With pictures excluded, output exactly the lines that run from the first line of the data below through the line containing "Lederjacke mit Stehkragen".

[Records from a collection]

■ ■ ■ ■ ■

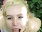 Sexy blonde on her knees deepthroats big white cock and swallows cum outdoors
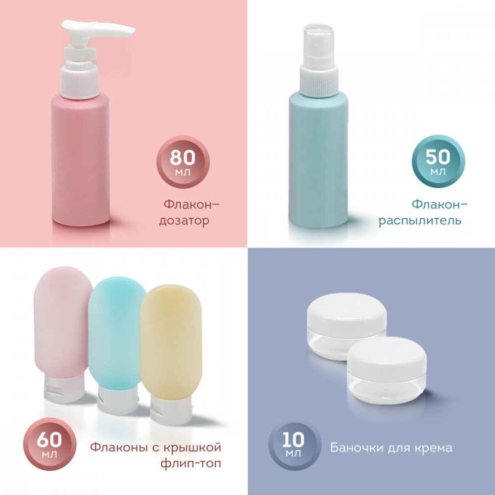 💳 Оплатить за товар можно при получении 🇰🇿 Есть бесплатная доставка по Казахстану от 1 дня 🎁 Копите бонусы с каждой покупки Дорожный набор пластиковых флаконов идеально подойдет для путешествия, тренажерного зала, роддома, бассейна и любой другой ситуации, когда вы вдали от дома. |
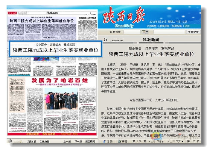 5月24日,《陕西日报》科教版头条报道我院毕业生就业工作,该报道已经被搜狐网、陕西省政府网、和谐陕西网、西部大开发网站等多家媒体争相转载,社会反响较大。
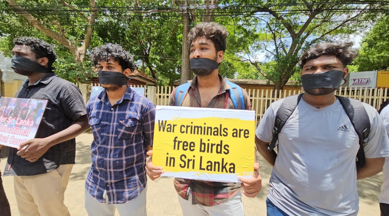 யாழ்ப்பாண பல்கலைக்கழக மாணவர் ஒன்றியத்தின் ஏற்பாட்டில் முன்னெடுக்கப்பட்ட போராட்டத்தில் ஈடுபட்டவர்கள் பதாதைகளை ஏந்தி, வாய்களை கறுப்பு துணியால் கட்டி போராட்டத்தில் ஈடுபட்டனர்.
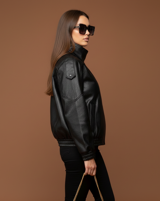 "Clara" Oversize Lederjacke mit Stehkragen
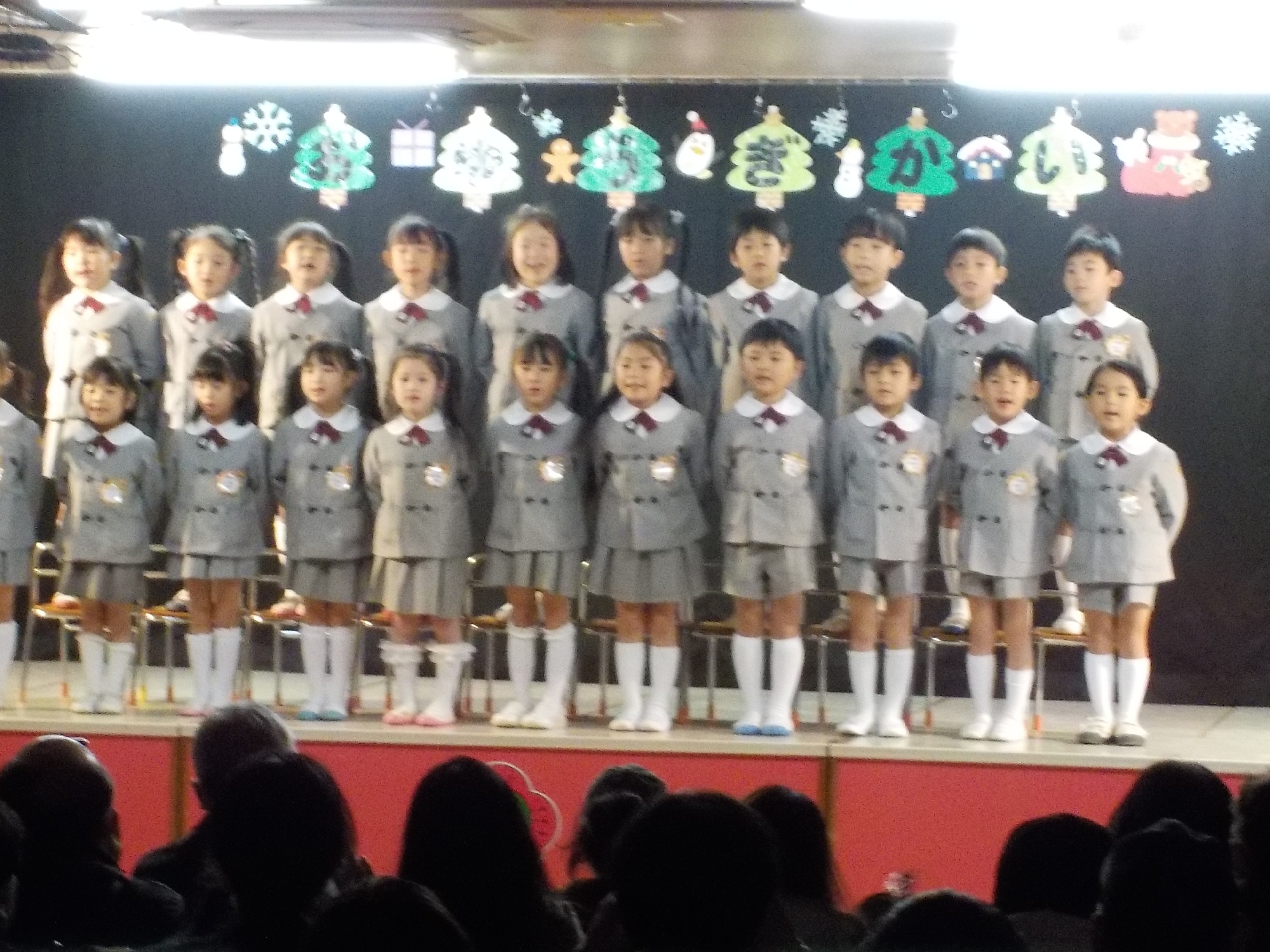 合唱は英語で「Jingle Bells」「We wish You a Merry Christmas」、日本語で「サンタクロースはどこだ」「あわてんぼうのサンタクロース」、アンコールでは「赤鼻のトナカイ」を歌いました
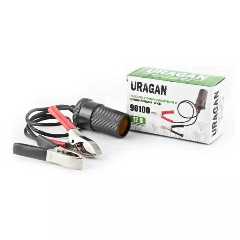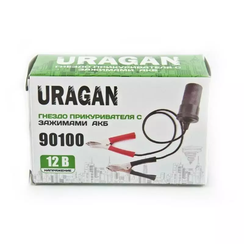Переходник Uragan с зажимами АКБ и гнездом прикуривателя 12 В 15 А 30 см 90100
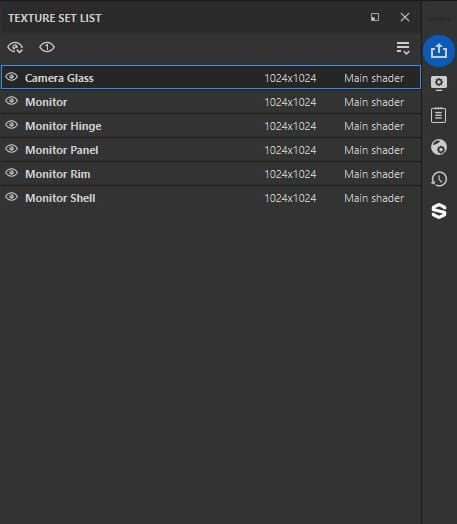 For example, the monitor portion of the laptop has a few different types of plastic, some shinier and some rougher, as well as the light metallic hinge pieces. I gave each of these components a different material, which means they each ended up with their own texture set in Substance:
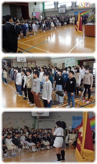 「一同礼」「開式の言葉」で式が始まり、式次第は「国歌斉唱」「校歌斉唱」へと続きます。
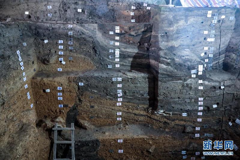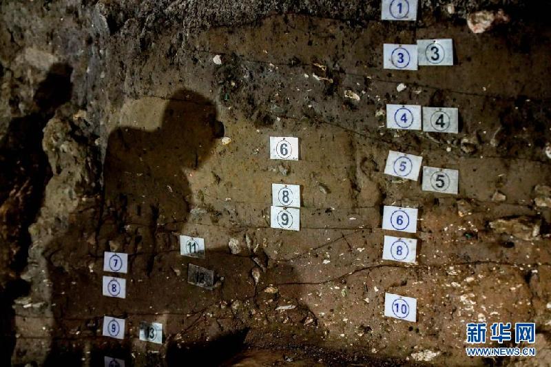 4月16日,工作人員的身影投射到貴州貴安新區(qū)招果洞遺址內(nèi)的地層堆積序號牌上。
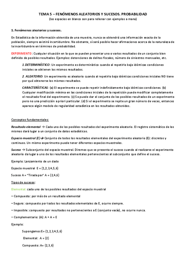 Apuntes Tema 5 Probabilidad Introducción
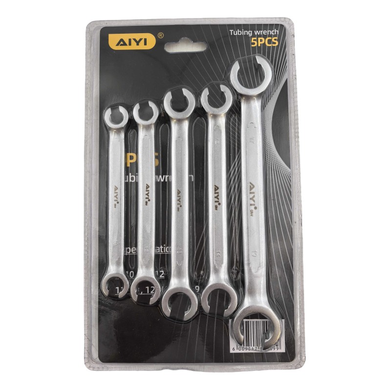 The AIYI 5-piece Flare Nut Spanner Set is designed for precision and strength, making it an essential tool kit for mechanics, plumbers, and DIY enthusiasts. Manufactured from high-quality chrome vanadium (CR-V) steel, these spanners deliver outstanding durability and resistance to wear, ensuring long-lasting performance.
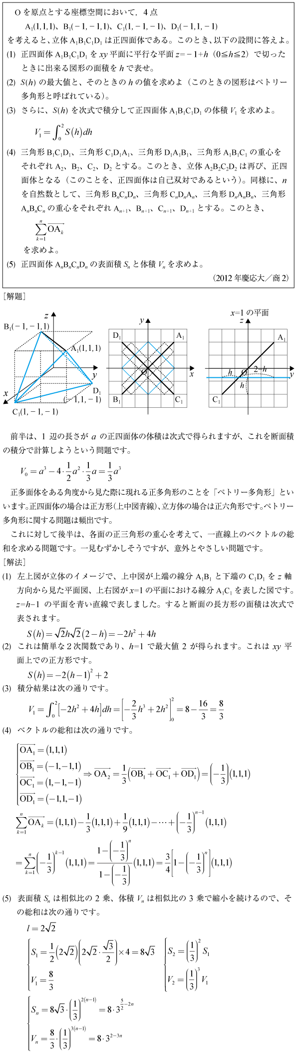 [B]正四面体の断面積・体積積分と表面積の問題
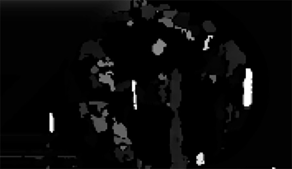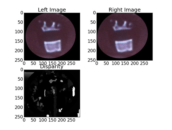 そこで、三原じゅん子さんの左右両目の瞳表面に反射して見える魚眼世界を、適当に歪み補正した上で、両眼視差から距離マップを復元しよう!としてみたのが下図に示す結果です。…残念ながら、今回は「それっぽい」世界を得ることができませんでした。
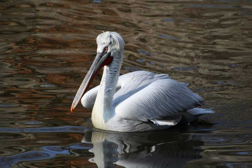 Розовоспинный пеликан – эти птицы очень похожи на розовых пеликанов, однако немного меньше размером и в брачный период на спине у них появляются розово-рыжий оттенок, к тому же их голова покрыто большим количеством завитков.
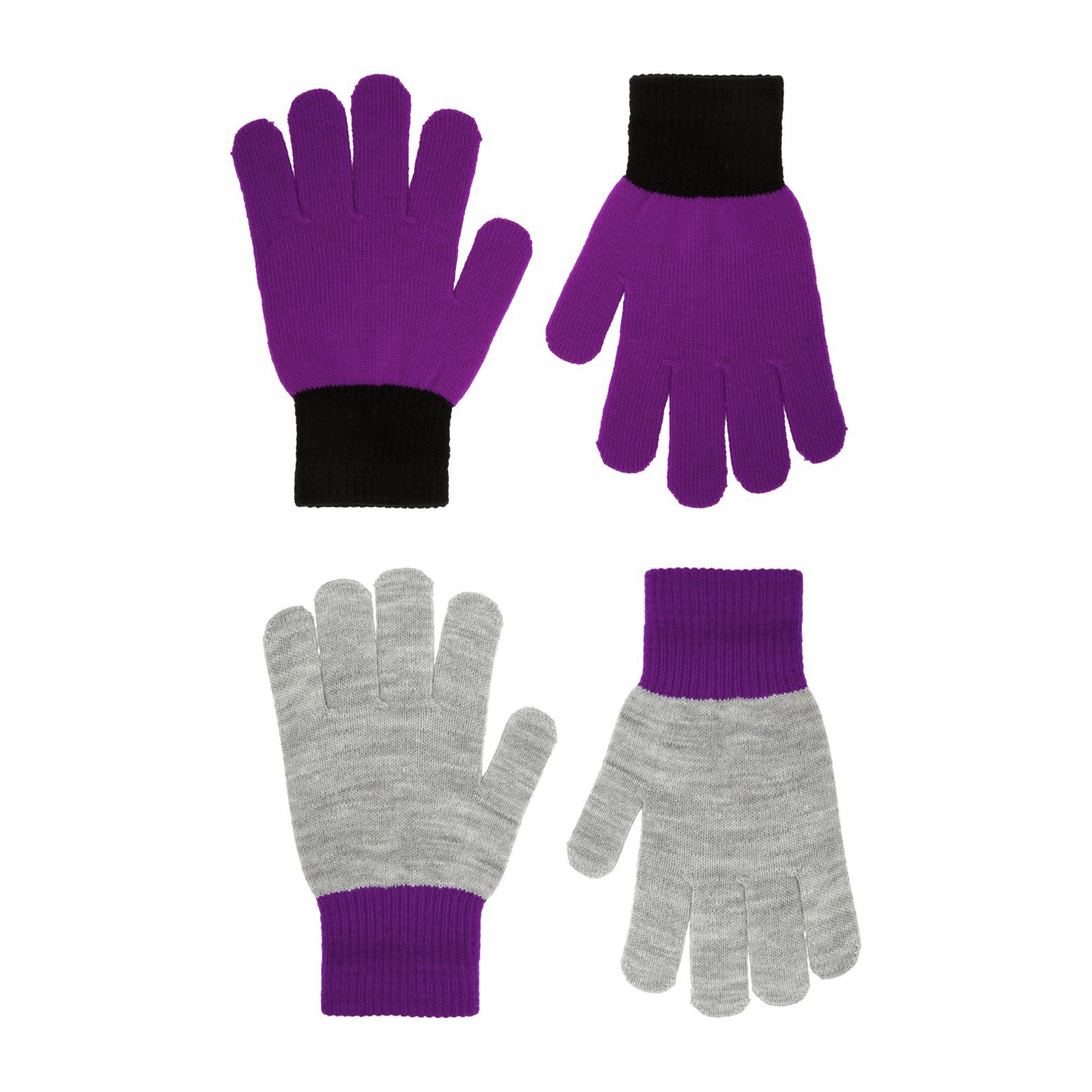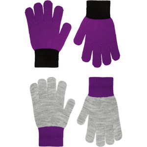 2-pak strikhandsker til lidt større børn, det ene par er lilla med sorte detaljer, mens det andet par er gråt med lilla detaljer. Handskerne har en ribkant om håndledet der gør dem behagelige at have på og ikke glider af hånden.
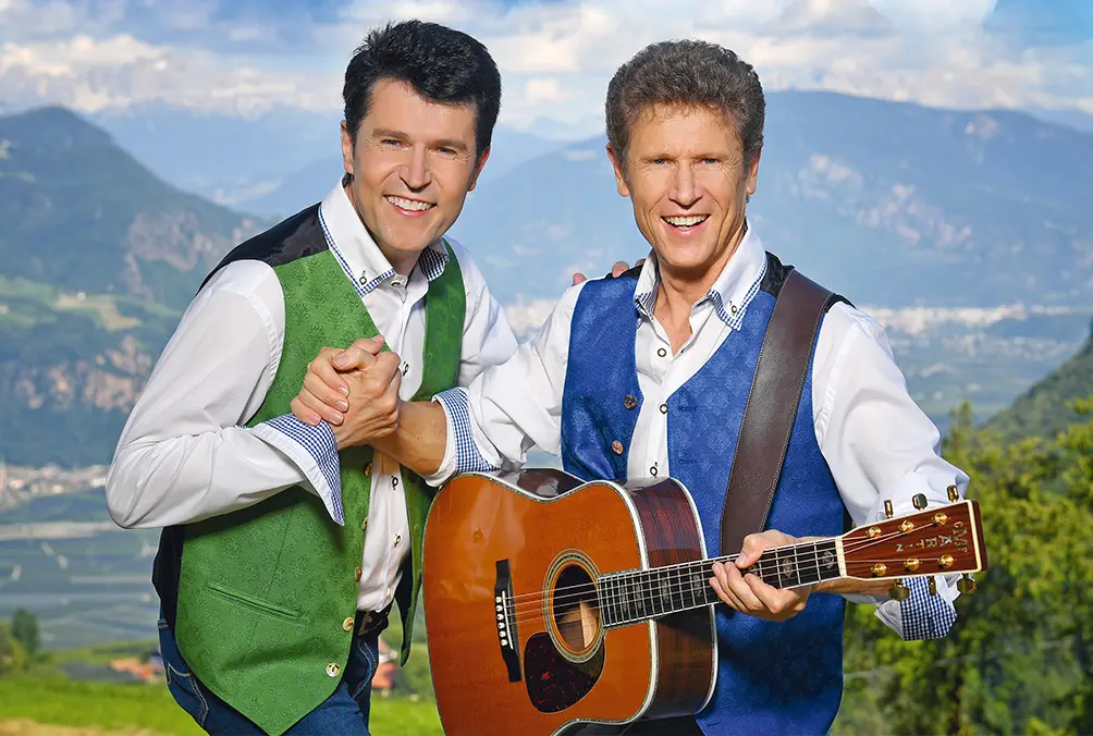 Im schönen Festsaal erleben Sie „Vincent & Fernando“, die beiden Brüder mit ihrer Volksmusik aus Südtirol. Die Sieger des Grand Prix der Volksmusik und „Der Engel von Marienberg“ sollten allen Fans wohlbekannt sein.

■ ■ ■ ■ ■

### Problem solution
 Sexy blonde on her knees deepthroats big white cock and swallows cum outdoors
 💳 Оплатить за товар можно при получении 🇰🇿 Есть бесплатная доставка по Казахстану от 1 дня 🎁 Копите бонусы с каждой покупки Дорожный набор пластиковых флаконов идеально подойдет для путешествия, тренажерного зала, роддома, бассейна и любой другой ситуации, когда вы вдали от дома. |
 5月24日,《陕西日报》科教版头条报道我院毕业生就业工作,该报道已经被搜狐网、陕西省政府网、和谐陕西网、西部大开发网站等多家媒体争相转载,社会反响较大。
 யாழ்ப்பாண பல்கலைக்கழக மாணவர் ஒன்றியத்தின் ஏற்பாட்டில் முன்னெடுக்கப்பட்ட போராட்டத்தில் ஈடுபட்டவர்கள் பதாதைகளை ஏந்தி, வாய்களை கறுப்பு துணியால் கட்டி போராட்டத்தில் ஈடுபட்டனர்.
 "Clara" Oversize Lederjacke mit Stehkragen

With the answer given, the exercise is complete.